Carbon nitride as an organic semiconductor consists of carbon and nitrogen which is a promising candidate in carbon materials for applications in many fields [13, 14]. There are several allotropes of C3N4 such as α-C3N4, β-C3N4, pseudo-cubic C3N4, cubic C3N4 and g-C3N4. The history of carbon nitrides can be traced back to 1834 [15]. However, researchers became interested in it in 1990s owing to that β-C3N4 was predicted to have extremely high hardness values [16]. In fact, at ambient conditions, graphitic carbon nitride (g-C3N4) is the most stable allotrope among various carbon nitrides nanomaterials. g-C3N4 was first applied in water splitting as a metal free conjugated semiconductor photocatalysis [17, 18]. Since then, researchers have been paying more and more attention to g-C3N4. Owing to the strong C-N covalent bonding in-plane direction and weak van der Waals interactions between layered (tri-s-) triazine units, g-C3N4 can be easily synthesized into bulk, nanosheets, nanotubes, quantum dots or other nanostructures [19, 20]. Furthermore, a new type of fluorescent materials, graphitic carbon nitride quantum dots (g-CNQDs) have gained tremendous attentions. The g-CNQDs emerge as a novel fluorescent probe for biological and environment detection because they show bright fluorescence, good water solubility and biocompatibility, low cost, and low cytotoxicity [21,22,23]. For instance, Achadu et al. prepared g-CNQDs and their 2,2,6,6-tetramethyl (piperidin-1-yl)oxyl derivatives as a “turn off/on” fluorescence probe for ascorbic acid detection [24]. Yin et al. reported a novel one-pot evaporation-condensation strategy to synthesize g-CNQDs which were used as an efficient probe for Fe3+ trace analysis and live-cell imaging [25]. Wang et al. constructed an electrochemiluminescence and fluorescence sensor to detect riboflavin based on the resonance energy transfer between donor g-CNQDs and receptor riboflavin [26].
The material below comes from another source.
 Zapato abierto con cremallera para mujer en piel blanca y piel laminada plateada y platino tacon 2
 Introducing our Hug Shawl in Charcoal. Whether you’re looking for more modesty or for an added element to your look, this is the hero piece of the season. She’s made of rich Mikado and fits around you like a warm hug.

In this work, we report on the low temperature solid-state synthesis of g-CNQDs. Then g-CNQDs was applied as a fluorescence “off-on” probe for detection of Hg2+ and S2− in an aqueous solution. Significant fluorescence quenching of g-CNQDs occurs upon addition of different concentrations of Hg2+ while S2− can recover the fluorescence of g-CNQDs. As such, g-CNQDs can serve as an effective fluorescent sensing probe for detection of Hg2+ and S2− with high sensitivity and selectivity. The reaction mechanism of the “off-on” process has been preliminarily discussed. Finally, g-CNQDs has been successfully applied to the determination of Hg2+ and S2− in various spiked water samples.
Experimental
Materials
Sodium citrate dehydrate, urea, mercuric chloride, sodium sulfide nonahydrate, absolute ethanol were purchased from Aladdin Chemical (Shanghai, China, http://www.aladdin-e.com/). All chemicals of analytical grade reagents were used without further purification.
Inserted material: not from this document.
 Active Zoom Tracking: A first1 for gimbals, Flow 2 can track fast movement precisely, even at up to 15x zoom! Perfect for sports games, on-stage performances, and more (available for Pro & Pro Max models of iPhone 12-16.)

Apparatus and characterization
Transmission electron microscopic (TEM) image was taken using a JEOL 2010-H TEM (Tokyo, Japan). X-ray photoelectron spectra (XPS) were carried out with an AXIS ULTRADLD X-ray photoelectron spectrometer (Kratos, Tokyo, Japan). X-ray diffraction (XRD) was performed on a D8 Advance power X-ray diffractometer (Bremen, Germany). Fourier transform infrared spectrum (FT-IR) of g-CNQDs was measured on a Varian FT-IR-640 spectrometer (Agilent Technologies, Palo Alto, CA, US). UV–vis absorption and fluorescence spectra of g-CNQDs were recorded on a Metash 6100 UV/VIS spectrophotometer (Shanghai, China) and a Hitachi F-4500 spectrofluorometer (Tokyo, Japan), respectively. The fluorescence lifetimes were performed on a FLS920 steady-state transient fluorescence spectrometer (Edinburgh, UK).
Preparation of g-CNQDs
The synthesis of g-CNQDs followed the previous reported procedure with slight modifications [27]. Details of the synthesis are deposited in the Electronic Supporting Material.
“Turn off” detection of mercury(II)
Various concentrations of Hg2+ and phosphate buffer (10 mM, pH 8.0) were added to 3.0 mL g-CNQD solutions (25 μL, 6.5 mg/L). Afterwards, the mixture solutions were incubated for 8 min at ambient conditions. Fluorescence emission spectra were recorded at an excitation wavelength of 390 nm and the fluorescence intensities were recorded at excitation/emission wavelengths of 390/450 nm. The slit widths of excitation and emission were both set as 10 nm.
“Turn on” detection of sulfide
The g-CNQDs solution (25 μL, 6.5 mg/L) was mixed with Hg2+ (13.3 μM), different concentrations of S2− and phosphate buffer (10 mM, pH 8.0) were added to 3.0 mL and incubated for 6 min. The fluorescence emission spectra were recorded at an excitation wavelength of 390 nm. The fluorescence intensities were recorded at excitation/emission wavelengths of 390/450 nm. The slit widths of excitation and emission were both 10 nm.
Water samples pre-treatment and analysis
The lake water was from Yingze Park of Taiyuan, Shanxi Province, China. Tap water was collected from our laboratory. Wastewater was collected from an industry of Taiyuan city. Lake water and tap water samples were both first filtered and then centrifuged to remove large solids and debris. Wastewater was boiled for 10 min first, filtered through a 0.22-μm membrane filter and diluted to 10 times with phosphate buffer (10 mM, pH 8.0). The analyses of Hg2+ and S2− in water samples were performed as described in sections ““Turn off” detection of mercury(II)” and ““Turn on” detection of sulfide”.
Results and discussion
Total S(II) concentration in Na2S solution consists of S2−, HS− and H2S. There are two kinds of equilibrium in Na2S solution:
Under acidic conditions, S2− is protonated and converted to HS− and H2S. In alkaline condition, the equilibrium shifts to the left due to the existence of more OH−. Both HS− and S2− exist in the solution when pH is 8.0 [28,29,30].
Choice of materials
Fluorescent semiconductor quantum dots (QDs) have shown attractive potential owing to their lots of promising applications, especially in ion detection, cell imaging and biosensing. Nevertheless, the QDs such as CdS and CdSe QDs usually suffer from their toxicity, health and environment hazards because of the heavy metals. Therefore, it is urgent to develop a kind of green, low toxicity, and environmentally QDs. g-CNQDs have attracted much attention because of their simpler synthesis method, low toxicity, good water-solubility, biocompatibility and chemical stability compared with other light-emitting quantum dots.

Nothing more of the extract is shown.